EXERCISE: For this exercise, reproduce the records exactly as they stand and do not carry any images over.

++++ EXERCISE DATA

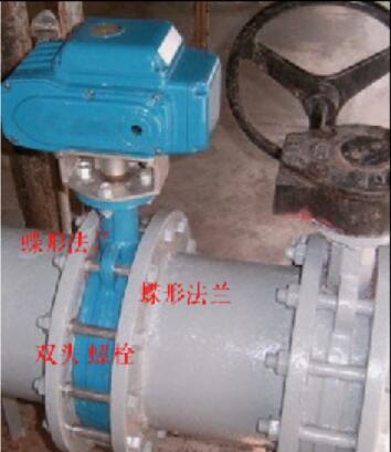 接下來的這個圖片就是對夾蝶閥的一個安裝示意圖。這上面很明白的產(chǎn)品顯示了安裝部分,應該處于的位置。有螺栓也有管道,管子焊在法蘭上,法蘭中間夾著的蝶閥,然后是用雙頭螺栓連接在一起。也有就是使用單頭的六角螺栓來進行安裝的。其實作用也是一樣的。當然這兒說的是對夾式的產(chǎn)品,如果是產(chǎn)品本身自帶法蘭的,是叫做341這樣的一種連接方式,如果看到這樣的一種連接方式,不管他是橡膠密封的或者是金屬硬密封的蝶閥產(chǎn)品。都是配相應的壓力的普通法蘭產(chǎn)品就可以了。圖片中所展示的這個閥門兒叫做電動蝶閥這是說他的驅(qū)動方式。有手柄進行。驅(qū)動的,也有渦輪驅(qū)動的。這個則是遠程的。來操縱它上面的電動裝置來進行打開或者關(guān)閉的一種蝶閥產(chǎn)品。這樣的閥門在進行操作時,不用到到現(xiàn)場就行的。電路連接到了閥門上,在控制室里面就能時間閥門的開啟和關(guān)閉了。如果和是否采用蝶形法蘭產(chǎn)品在下面的章節(jié)中有說明。
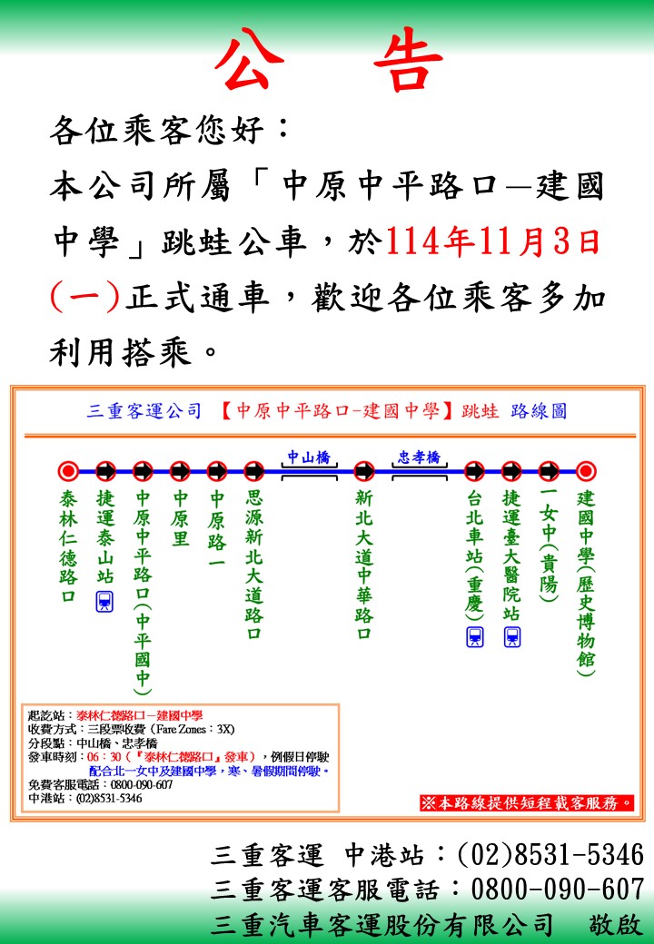 三重客運所屬「中原中平路口→建國中學」跳蛙公車,
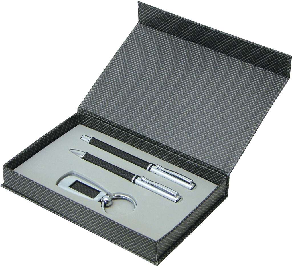 Precision Swiss Peak pen set which features a twist action ball pen and a rolling ball pen that are beautifully presented in a Swiss Peak gift box. They are manufactured from lacquer finished brass and have shiny chrome accents. Both pens have a blue refill with 1200 metres of German manufactured Dokumental ink. They laser engrave to a brass finish and have subtle Swiss Peak branding on the centre ring and cap.
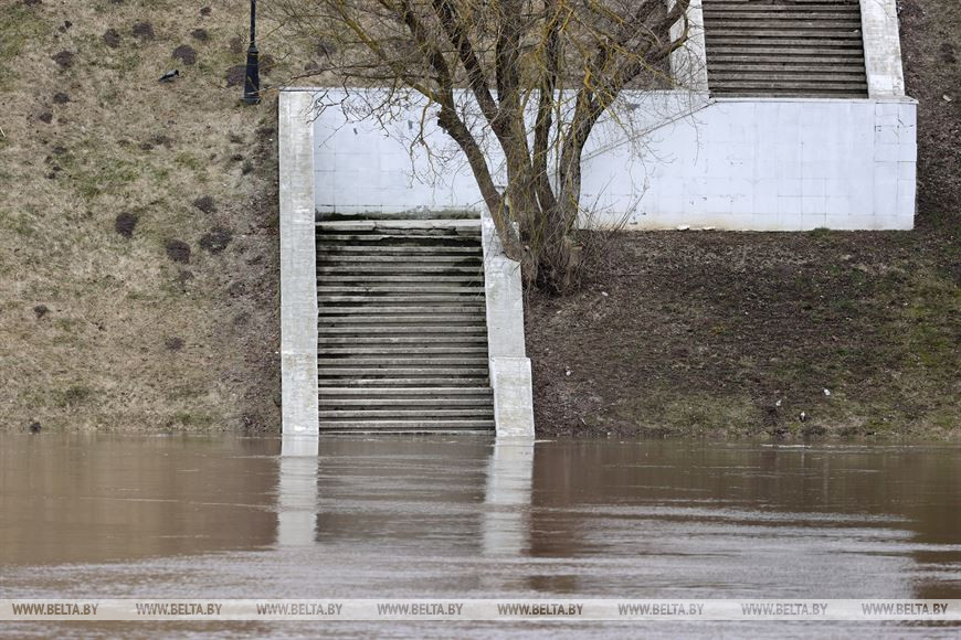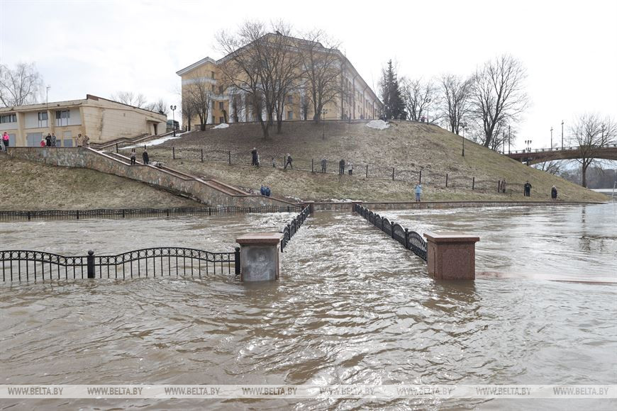 В результате подъема уровня воды в реке Витьба подтоплена набережная Западной Двины в Витебске. Под водой оказался участок протяженностью 100 м, максимальный уровень воды - 50 см.
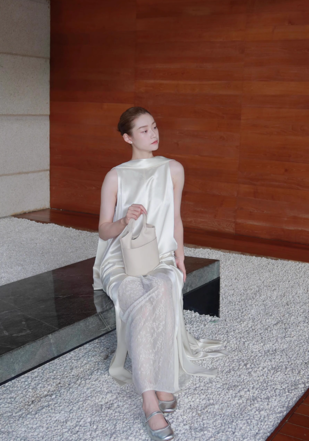 Stunning Flowy White A Line Satin Prom Dress Wedding Guest Dress DP4489

++++++++

WRITTEN RESPONSE:
 接下來的這個圖片就是對夾蝶閥的一個安裝示意圖。這上面很明白的產(chǎn)品顯示了安裝部分,應該處于的位置。有螺栓也有管道,管子焊在法蘭上,法蘭中間夾著的蝶閥,然后是用雙頭螺栓連接在一起。也有就是使用單頭的六角螺栓來進行安裝的。其實作用也是一樣的。當然這兒說的是對夾式的產(chǎn)品,如果是產(chǎn)品本身自帶法蘭的,是叫做341這樣的一種連接方式,如果看到這樣的一種連接方式,不管他是橡膠密封的或者是金屬硬密封的蝶閥產(chǎn)品。都是配相應的壓力的普通法蘭產(chǎn)品就可以了。圖片中所展示的這個閥門兒叫做電動蝶閥這是說他的驅(qū)動方式。有手柄進行。驅(qū)動的,也有渦輪驅(qū)動的。這個則是遠程的。來操縱它上面的電動裝置來進行打開或者關(guān)閉的一種蝶閥產(chǎn)品。這樣的閥門在進行操作時,不用到到現(xiàn)場就行的。電路連接到了閥門上,在控制室里面就能時間閥門的開啟和關(guān)閉了。如果和是否采用蝶形法蘭產(chǎn)品在下面的章節(jié)中有說明。
 三重客運所屬「中原中平路口→建國中學」跳蛙公車,
 Precision Swiss Peak pen set which features a twist action ball pen and a rolling ball pen that are beautifully presented in a Swiss Peak gift box. They are manufactured from lacquer finished brass and have shiny chrome accents. Both pens have a blue refill with 1200 metres of German manufactured Dokumental ink. They laser engrave to a brass finish and have subtle Swiss Peak branding on the centre ring and cap.
 В результате подъема уровня воды в реке Витьба подтоплена набережная Западной Двины в Витебске. Под водой оказался участок протяженностью 100 м, максимальный уровень воды - 50 см.
 Stunning Flowy White A Line Satin Prom Dress Wedding Guest Dress DP4489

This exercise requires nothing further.